I went to church and heard a sermon about listening to one's dreams, and I felt hope for a new year. A friend called and we made plans to see a movie together. With the evening still warm and blustery, I went for a run and pushed myself hard, listening to music. I met my parents and brother for dinner, talked about the previous week; leaving, I hugged my parents, told them I loved them. Was Christ not in that day? Was that day so drab, or was Christ with me, born over and over again, and in my cursory first reading I glanced right over him?

CHRIST IS HERE

These Christ-sightings are an Epiphany message for me. Christmas says Christ is here, born into the world. Epiphany says it's up to us to find him, and it may not be easy. We may have to walk a long road, follow strange guidance, and encounter Herod-like dangers. Epiphany celebrates humankind's accomplishment of a very difficult task. Christ's birth is a miracle indeed, but it's possibly a still greater miracle that we, the earnest yet ever-benighted human race, manage to recognize him, tiny and humble, lying in a barn in some no-name town.

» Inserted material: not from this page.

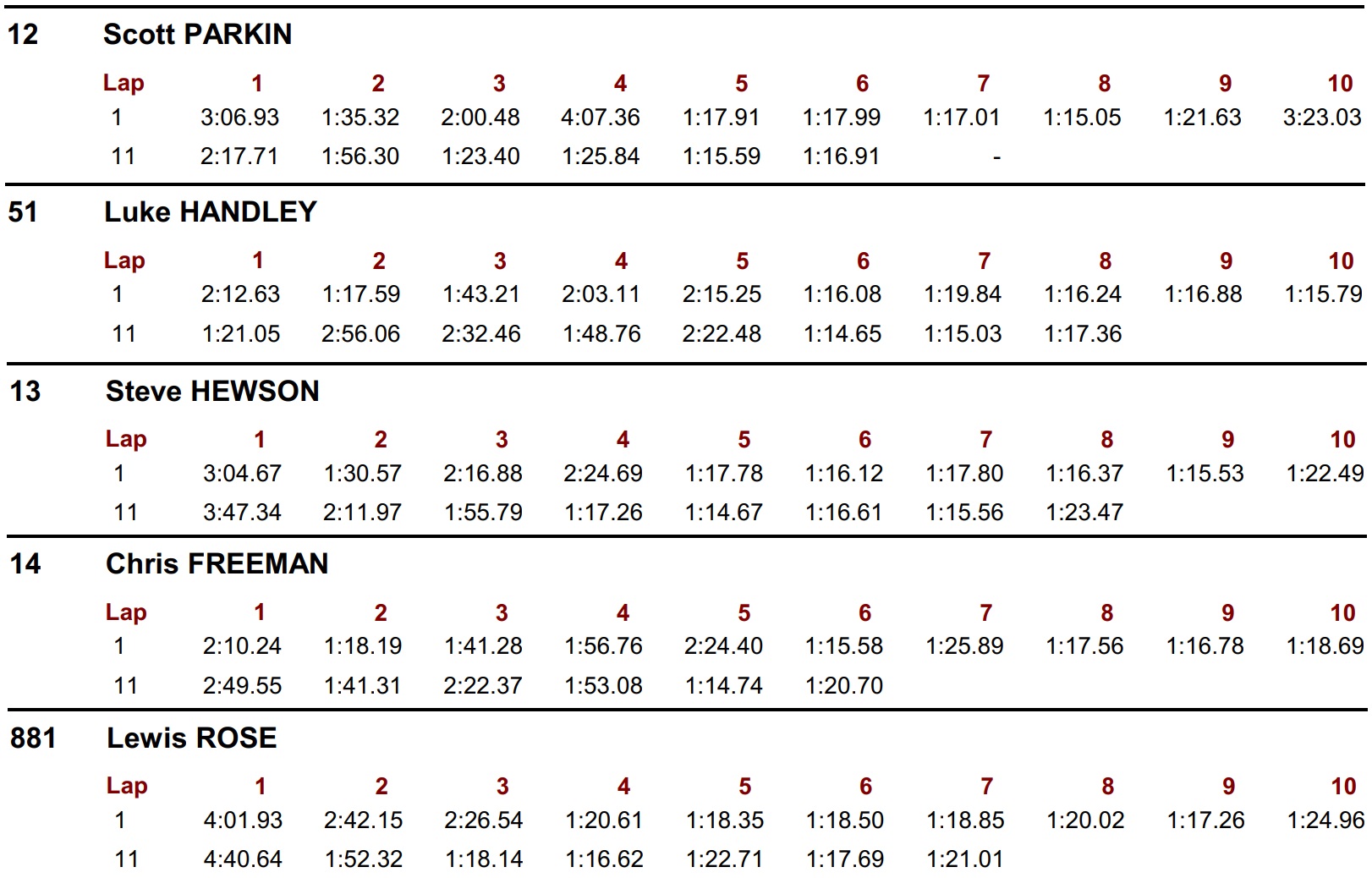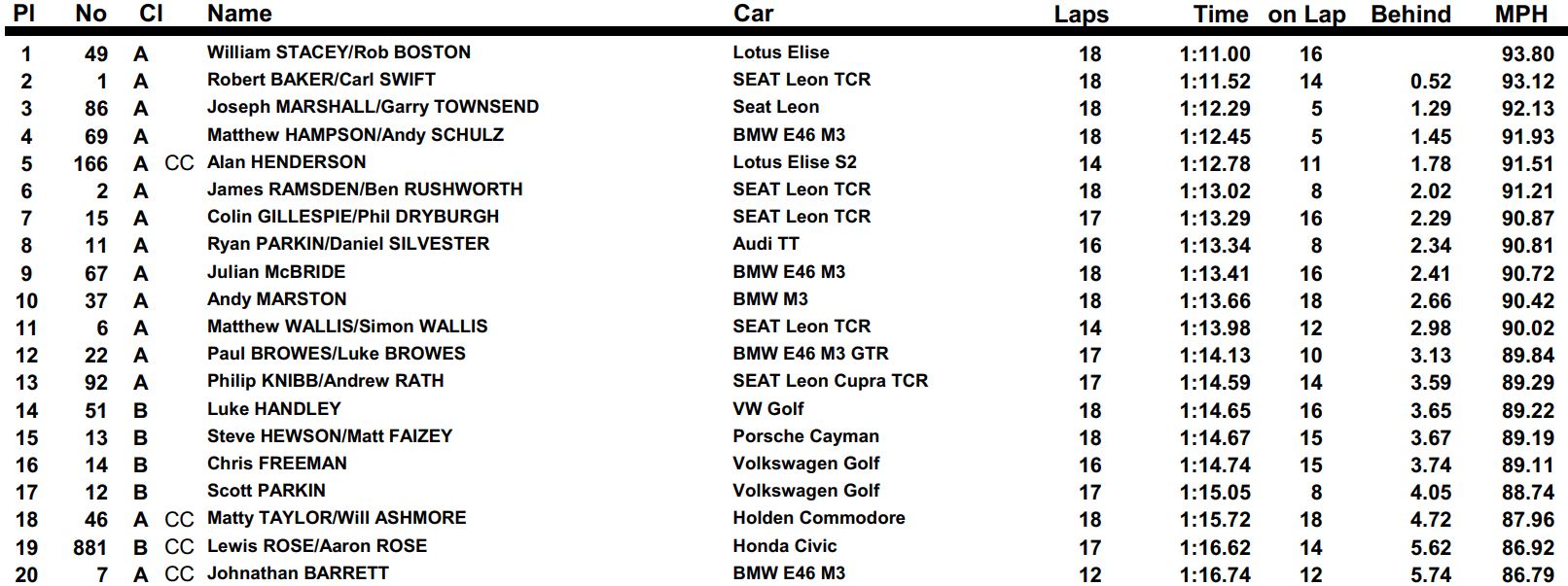Eventually Luke Handley, Steve Hewson and Chris Freeman all managed to get another flying lap in, pipping me by 0.4s, 0.38s and 0.31s respectively. I was confident with a second clear lap, I would have been close to Luke, maybe not beat it but close enough.

Epiphany calls me to step up my theological reflection a notch. When I expect Christ to enter my day with lots of fanfare and, at the end of the day, bemoan that "nothing happened," I wonder if I am getting Christ wrong somehow. Christ originally entered the world in pretty ordinary human style, even more humbly than most humans do.

At the same time, the magic of Christ is that love became incarnate here, that we are promised abundant life, triumph over death. Those concepts seem so abstract, too lofty to apply to one day in one small life.

Yet Christ is precisely that point at which the divine and human intersect, where God meets us in our mundane daily reality. This is one of the most beautiful insights of Christianity: that God comes into our place, with all its ordinariness. Our God is willing to live through our boring days with us.

Epiphany celebrates not only that God chooses to do this, but that one day we woke up and noticed it. May we wake up to this fact again and again, experiencing one glorious Epiphany after another.


Sarah Parsons is a social worker and author of the Upper Room book A Clearing Season: Reflections for Lent.